Tracy Reed credits the NHS for the life-changing opportunities it has provided her over the last 42 years.

Tracy, who is our clinical lead for end of life care, said: “Sometimes it is in our DNA to be a nurse and care and support people, and the NHS allows us to do that.

“I have seen so many changes but I don’t think the focus on compassion and people’s health and care has ever changed.

“I have never felt I wanted to work outside the NHS.”

Tracy has spent her entire career serving the people of west Essex, including working at St Margaret’s Hospital in Epping, the Herts and Essex Hospital, Princess Alexandra Hospital in Harlow, Stansted Clinic and Loughton Clinic.

She joined the NHS at 17, as an administrative clerk at Warley Hospital. Her mum and sister were both nurses but it was not a career she had considered for herself, until a patient had a cardiac arrest.

She said: “I was the first aider and I resuscitated him. He was alive when the ambulance came, but then he had a massive heart attack and died.

“I wanted to understand why I had brought him to life but then he had died.”

Tracy began her nursing training in 1985, resulting in a varied career including general medicine, coronary care, community nursing and caring for the elderly.

Tracy Reed

She became a Macmillan professional at the cancer information service and has specialised in end of life care since 2011, an area that she has always been interested in.

She is also an independent adviser on end of life care for the Motor Neurone Disease Association.

Tracy became a Queens Nurse in 2012, a title given to nurses who demonstrate a high level of commitment to patient care and nursing practice.

Her experience of healthcare in the UK is very different to that in Nepal, where she volunteered with other Queens Nurses to support people affected by a devastating earthquake in 2015.

There is no free healthcare in Nepal and people living in remote villages had to walk 15 miles to see a doctor.

“When I visited Bandipur Hospital, a family had run ten miles carrying an ill family member.

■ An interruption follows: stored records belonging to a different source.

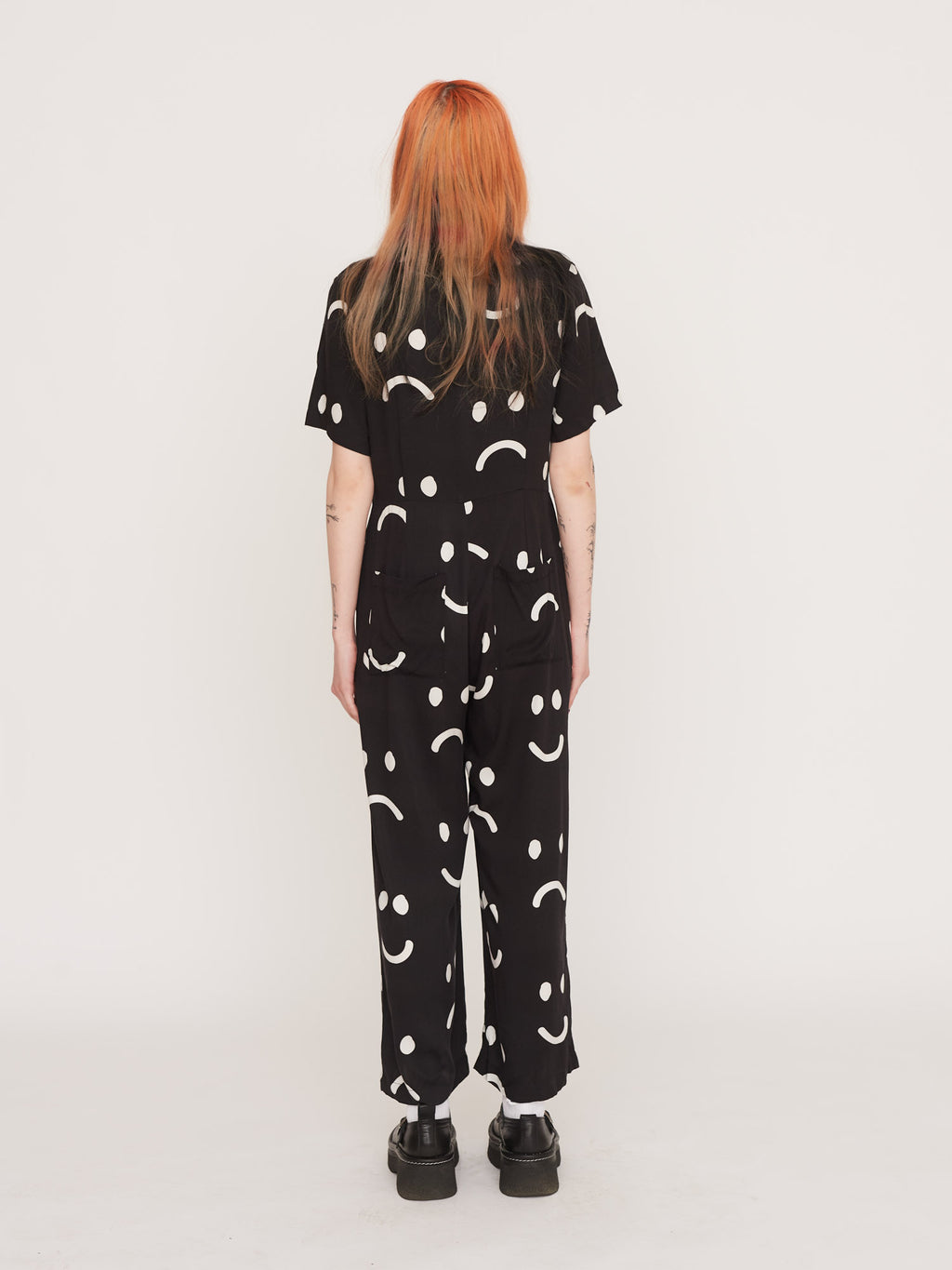 This Happy Sad Jumpsuit features a classic, button up shirt-style with short sleeves and wide fit legs for comfort. This will be your go to wardrobe essential and perfect for all seasons.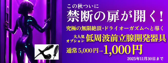 ☆低周波前立腺開発器具が超特価! ドライオーガズムへと導いてくれる低周波前立腺開発器具のオプションがお得!ご好評につき11月30日(日)迄延長!通常5,000円→特別価格1,000円でご体験いただけます。快楽にもだえてください!!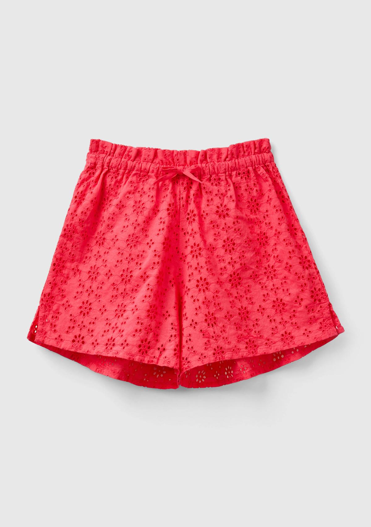 Kız Çocuk Fuşya Elastik Bel Bantlı Yırtmaç Detaylı İşlemeli Şort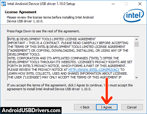- After extracting the driver package, you'll get Intel Android Driver setup (IntelAndroidDrvSetup1.10.0.exe) file.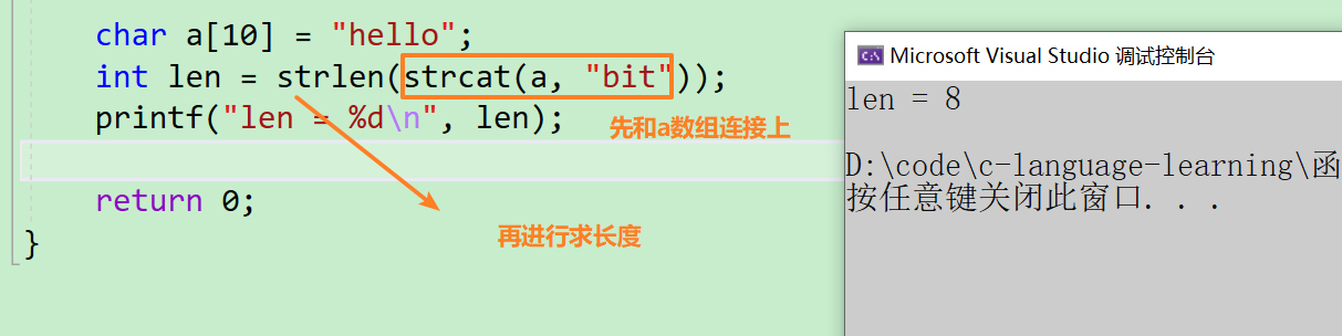 my_strlen(abc)就相当于是1 + 1 + 1 + 0。也是使用字符指针去进行一个后移,若其不为【\0】时,就不断对这个字符串进行拆分,然后直到遇到【\0】时便return 0。接下去就可以写出代码了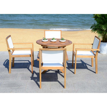 For endless fun in the sun look no further than this classic 5 piece dining set. A modern investment, its 34.5 round dining table and four ample chairs are crafted in a natural hue and feature timeless white upholstery. Designers love its versatility and value.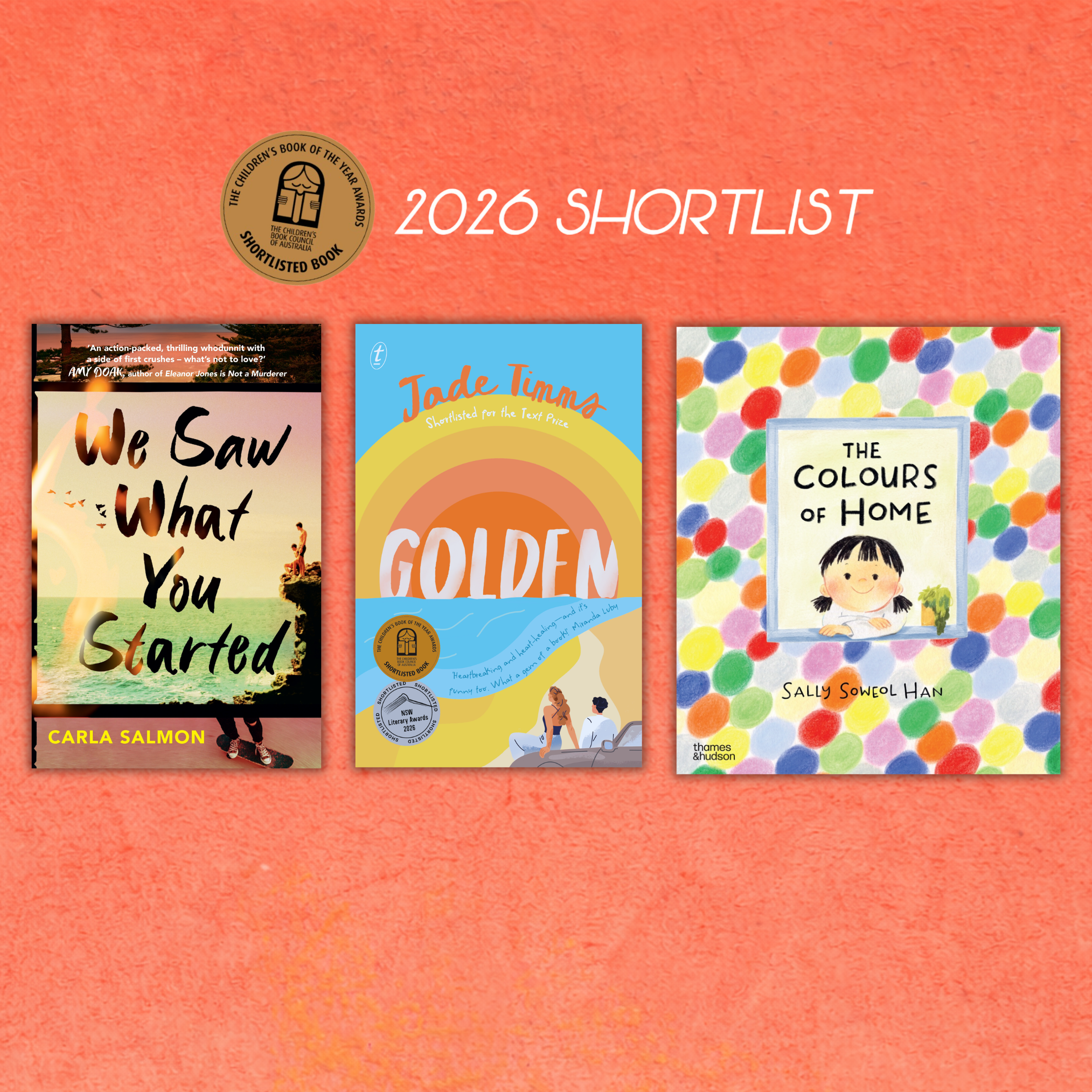 A special hooray as well to our new client Jade Timms and the Text Publishing team for the shortlisting of GOLDEN in the Older Readers category.

“You can’t imagine how that is,” she said.

Her three-week voluntary placement was “life-changing” and Tracy has continued to fundraise and support healthcare projects in Nepal. These include the SASANE Society, which supports women who have been victims of human trafficking.

The Queens Nurses volunteers set up health clinics for children and supported children, some as young as three, who had been abandoned and were living on the streets.

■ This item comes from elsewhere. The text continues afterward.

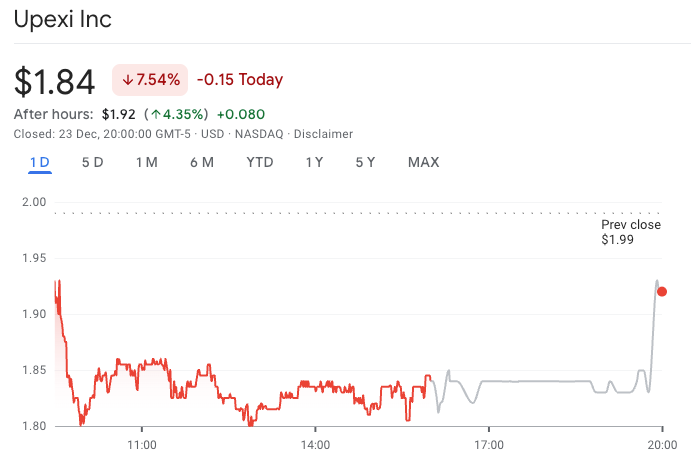_Upexiは火曜日のアフターアワーズ取引で小さな反発を見せ、当日の損失を取り戻しました。出典: _Google Finance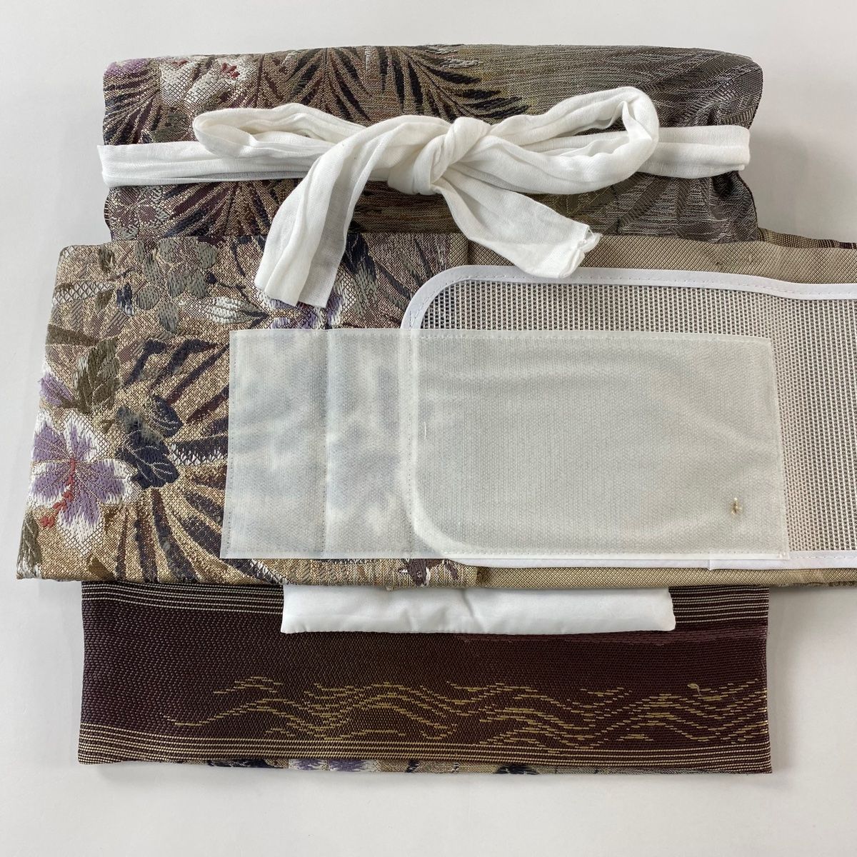 付け帯 秀品 作り帯 やまと 草花 鳥 刺繍 箔 薄茶色 正絹

One of the young boys they met has just become a doctor.

Tracy said: “If I hadn’t chosen the NHS as a career, I wouldn’t have had the life experiences it has given me.

“I am really passionate that people get good care and support.

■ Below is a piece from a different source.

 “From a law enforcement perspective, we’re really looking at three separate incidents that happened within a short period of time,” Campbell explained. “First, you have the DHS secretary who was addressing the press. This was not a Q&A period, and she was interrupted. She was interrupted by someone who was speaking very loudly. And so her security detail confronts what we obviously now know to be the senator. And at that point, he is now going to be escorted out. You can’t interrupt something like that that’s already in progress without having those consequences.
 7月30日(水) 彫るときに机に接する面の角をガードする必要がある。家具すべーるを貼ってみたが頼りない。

“That’s not just people in our care, but our staff as well.

“I remember when I was 17 my dad said ‘you have a job for life’.

“It is a job for life, if you put everything into your career and you love what you’re doing.”

During her career she has trained many colleagues and she is proud to have seen her former students grow and develop their careers.

Tracy left school with one O-level and six CSEs and pursued life-long learning throughout her adult life, juggling study with work and family commitments.

She has completed numerous training and academic courses during her career, including a MSc in Advanced Practice in Health and Social Care in 2010.

It was while studying for her masters degree that she was diagnosed with dyslexia.

She said: “My mum was ill with cancer when I was growing up, so I was a carer as a child and didn’t have a lot of opportunities to learn.

“Most of my learning I have done as an adult.

“I owe my whole career and progression to the NHS. It has provided me with a job I love and a career I am very proud of for 42 years.”